* _Records for this task_
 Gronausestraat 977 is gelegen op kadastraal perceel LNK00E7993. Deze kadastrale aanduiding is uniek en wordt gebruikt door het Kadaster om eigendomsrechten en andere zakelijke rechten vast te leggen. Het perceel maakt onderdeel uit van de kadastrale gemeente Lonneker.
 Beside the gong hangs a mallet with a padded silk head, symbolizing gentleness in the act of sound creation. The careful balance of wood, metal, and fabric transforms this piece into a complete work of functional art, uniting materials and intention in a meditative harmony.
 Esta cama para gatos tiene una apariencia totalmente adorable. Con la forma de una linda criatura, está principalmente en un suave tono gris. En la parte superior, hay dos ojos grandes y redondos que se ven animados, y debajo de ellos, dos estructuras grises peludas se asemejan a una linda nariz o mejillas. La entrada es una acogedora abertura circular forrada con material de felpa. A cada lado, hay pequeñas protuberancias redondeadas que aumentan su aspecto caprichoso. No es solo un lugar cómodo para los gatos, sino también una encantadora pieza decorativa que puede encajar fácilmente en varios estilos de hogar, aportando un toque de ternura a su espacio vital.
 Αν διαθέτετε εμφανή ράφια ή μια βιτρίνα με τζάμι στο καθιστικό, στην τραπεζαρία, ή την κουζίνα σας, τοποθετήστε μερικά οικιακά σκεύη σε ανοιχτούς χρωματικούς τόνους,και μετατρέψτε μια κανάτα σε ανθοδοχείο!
--
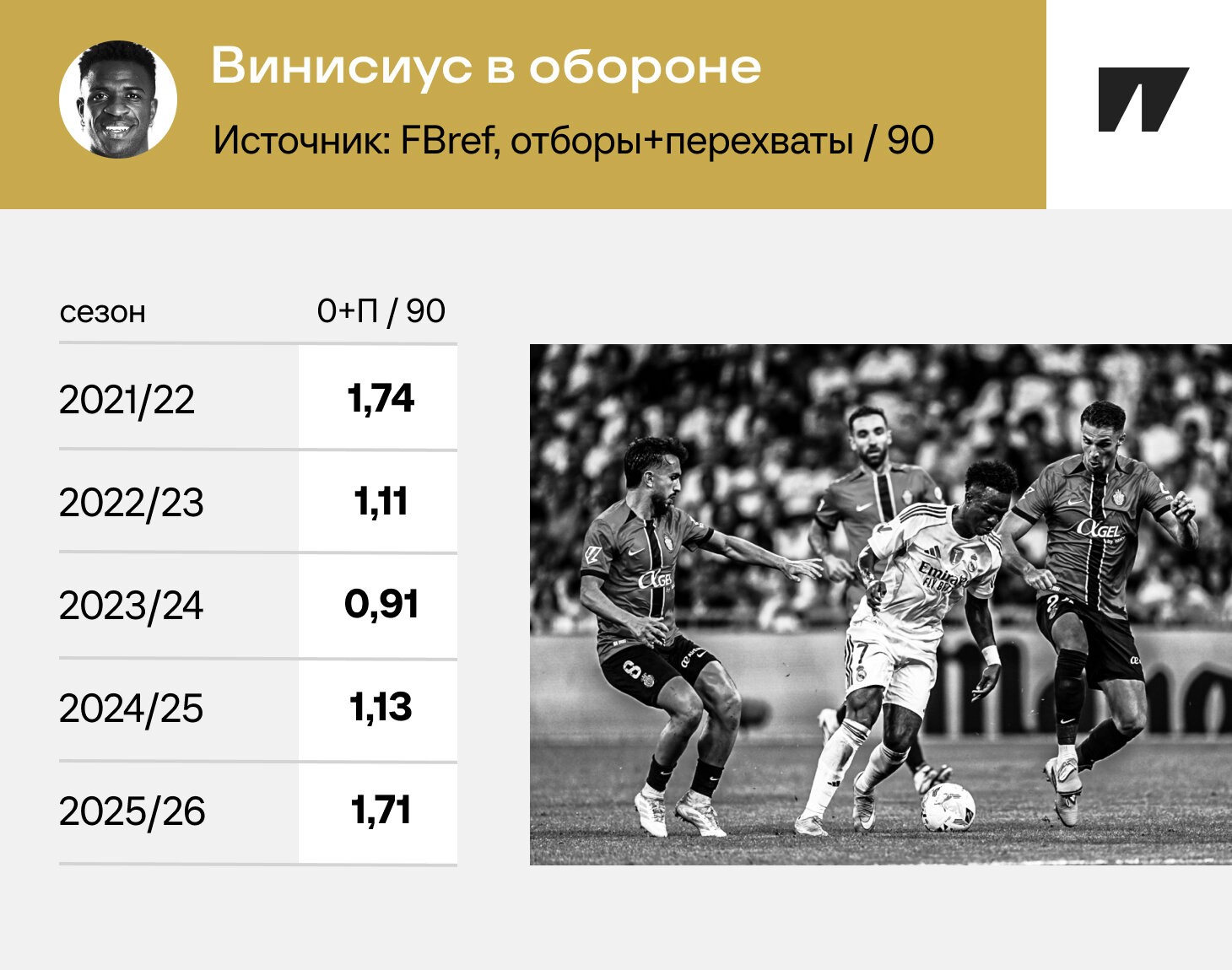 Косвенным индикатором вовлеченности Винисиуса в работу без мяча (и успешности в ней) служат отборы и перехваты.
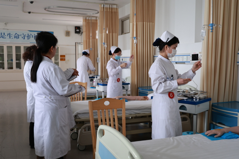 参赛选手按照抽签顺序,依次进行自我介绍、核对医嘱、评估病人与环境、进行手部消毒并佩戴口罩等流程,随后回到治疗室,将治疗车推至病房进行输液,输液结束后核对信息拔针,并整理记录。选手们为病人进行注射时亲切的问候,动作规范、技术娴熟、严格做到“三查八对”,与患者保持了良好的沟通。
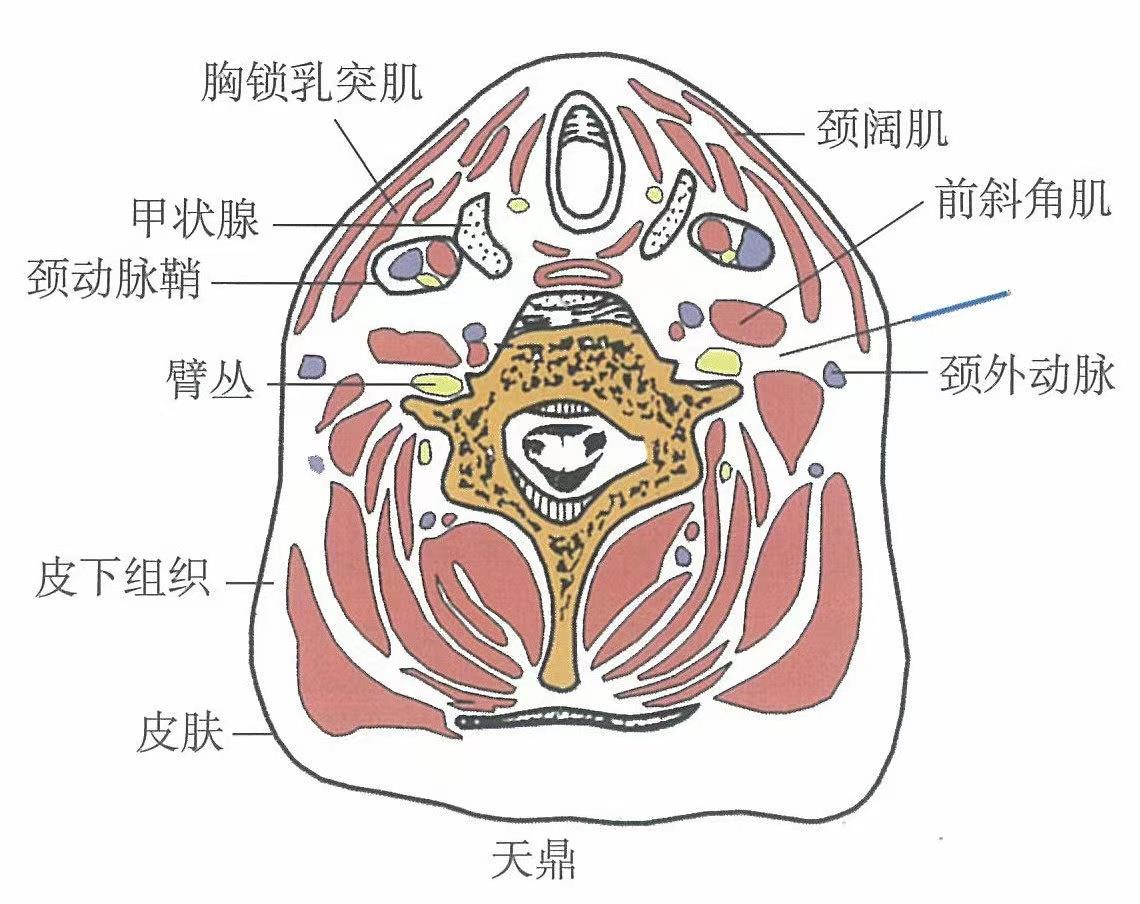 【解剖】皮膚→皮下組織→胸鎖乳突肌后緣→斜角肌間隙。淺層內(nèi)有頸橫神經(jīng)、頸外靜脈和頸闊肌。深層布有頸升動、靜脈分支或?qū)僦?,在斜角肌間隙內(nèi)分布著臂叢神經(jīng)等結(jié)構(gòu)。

* _What needs to be done_
In the listing above, find the line containing "Косвенным индикатором вовлеченности" and the line containing "参赛选手按照抽签顺序,依次进". Print those two lines and every line between them exactly, with no pictures.

* _Solution to this task_
 Косвенным индикатором вовлеченности Винисиуса в работу без мяча (и успешности в ней) служат отборы и перехваты.
 参赛选手按照抽签顺序,依次进行自我介绍、核对医嘱、评估病人与环境、进行手部消毒并佩戴口罩等流程,随后回到治疗室,将治疗车推至病房进行输液,输液结束后核对信息拔针,并整理记录。选手们为病人进行注射时亲切的问候,动作规范、技术娴熟、严格做到“三查八对”,与患者保持了良好的沟通。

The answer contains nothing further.